The Commodore 64 is an 8-bit home computer released by Commodore International in August, 1982, at a price of US$595. Preceded by the Commodore VIC-20 and Commodore MAX Machine, the C64 features 64 kilobytes (64×210 bytes) of RAM with sound and graphics performance that were superior to IBM-compatible computers of that time.

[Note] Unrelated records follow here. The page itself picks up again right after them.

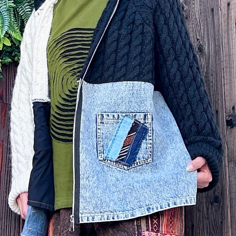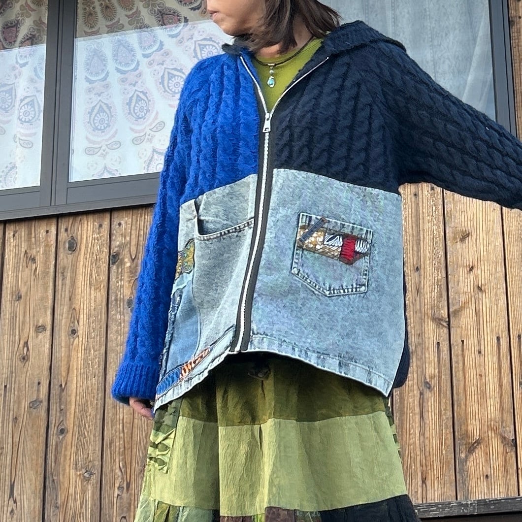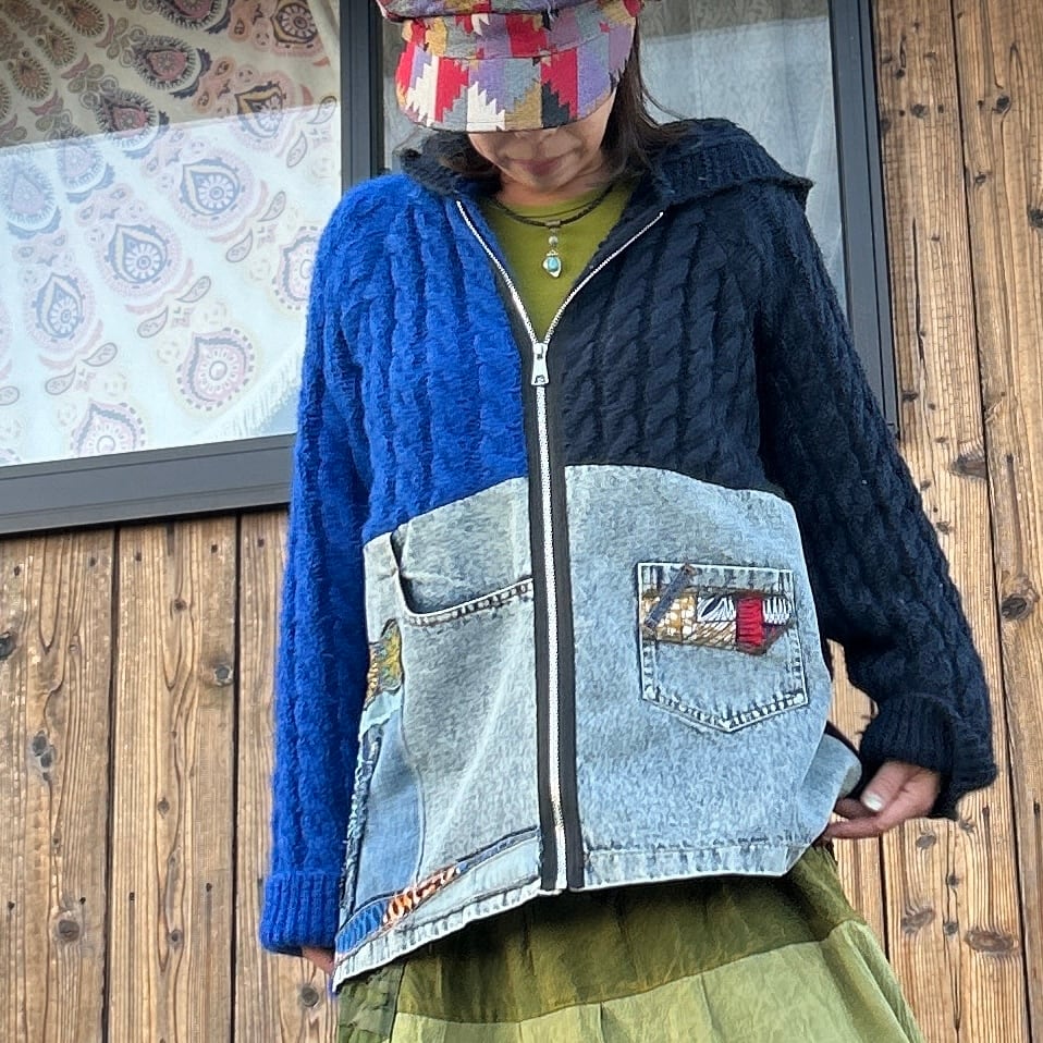 手作りのため、ニットやデニムの風合いや仕上がりには若干の個体差がございます。これも異素材ニットアフリカンの魅力としてお楽しみいただければ幸いです。
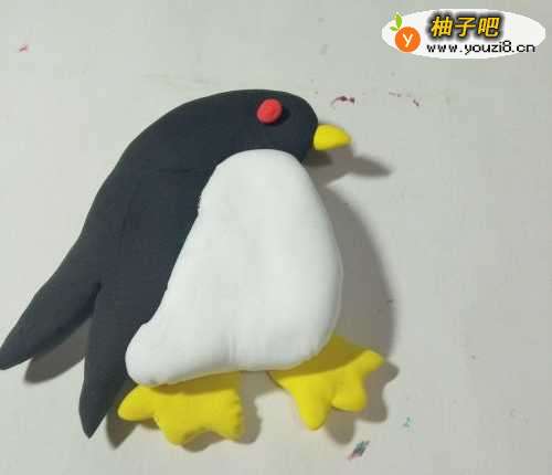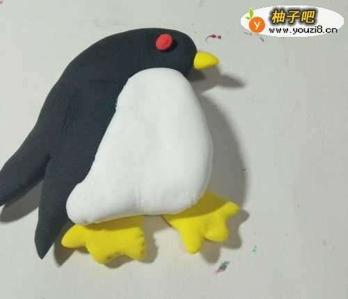 6最后我们再把企鹅下面的黑色彩泥用工具切开做成它的小翅膀就完成了。
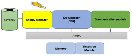 The new proposed intrusion detection system (IDS) is an electronic device capable of ensuring a perfect security scheme for wireless sensor networks inside a smart environment. The IDS architecture is centered on three (3) functional modules: an energy module, a detection module, and a communication module. The device supports the IEEE (Institute of Electrical and Electronics Engineers) 802.15.4 protocol and is also equipped with a Random-Access-Memory (RAM) and a Read-Only-Memory (ROM) for data and programs’ storage. The modules are interconnected using an advanced microcontroller bus architecture (AMBA). The AMBA is a commonly used standard to interconnect the System on Chip (SoC) design [48]. A general overview of the IDS is presented in Figure 3.
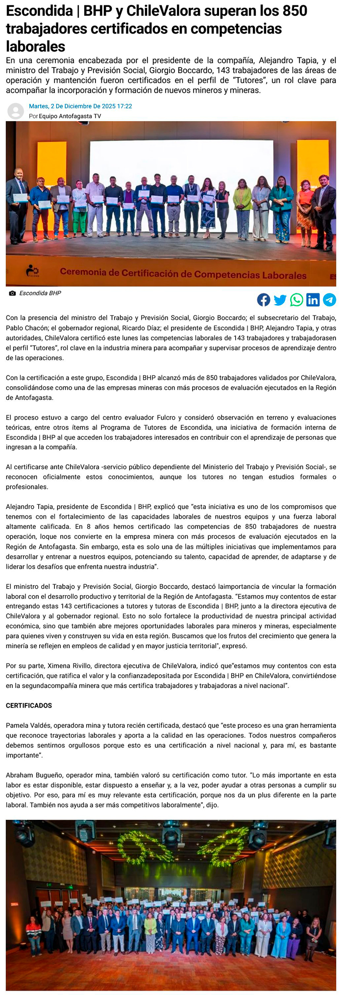 Escondida | BHP y Chile Valora: superan los 850 trabajadores certificados en competencias laborales - (resonanciadiario.cl)
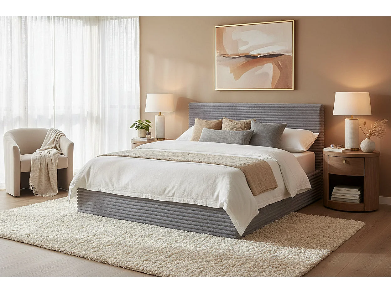 Lit Coffre MAIA 160x200cm Côtelé Gris avec Sommier

The Commodore 64 is commonly referred to as the C64 (sometimes written C= 64 to mimic the Commodore company logo) and occasionally known as CBM 64 (Commodore Business Machines Model number 64), or VIC-64. It has also been affectionately nicknamed the “breadbox” and “bullnose” due to its shape.
Success of Commodore 64
During the Commodore 64’s lifetime (between 1982 and 1994), sales totalled around 30 million units, making it the best-selling single personal computer model of all time.Sam Tramiel, a former Commodore president said in a 1989 interview “When I was at Commodore we were building 400,000 C64s a month for a couple of years.” At one point (1983/84/85), the Commodore 64 dominated the market with approximately 40% share, even outselling IBM PCs and Apple computers. Part of its success was due to the fact that it was sold in retail stores instead of electronics stores, and that Commodore produced many of its parts in-house to control supplies and cost.
Approximately 10,000 commercial software titles were made for the Commodore 64 including development tools, office applications, and games. The machine is also credited with popularizing the computer demo scene. The Commodore 64 is still used today by some computer hobbyists, and various C64 emulators allow anyone with a modern computer to run these programs on their desktop.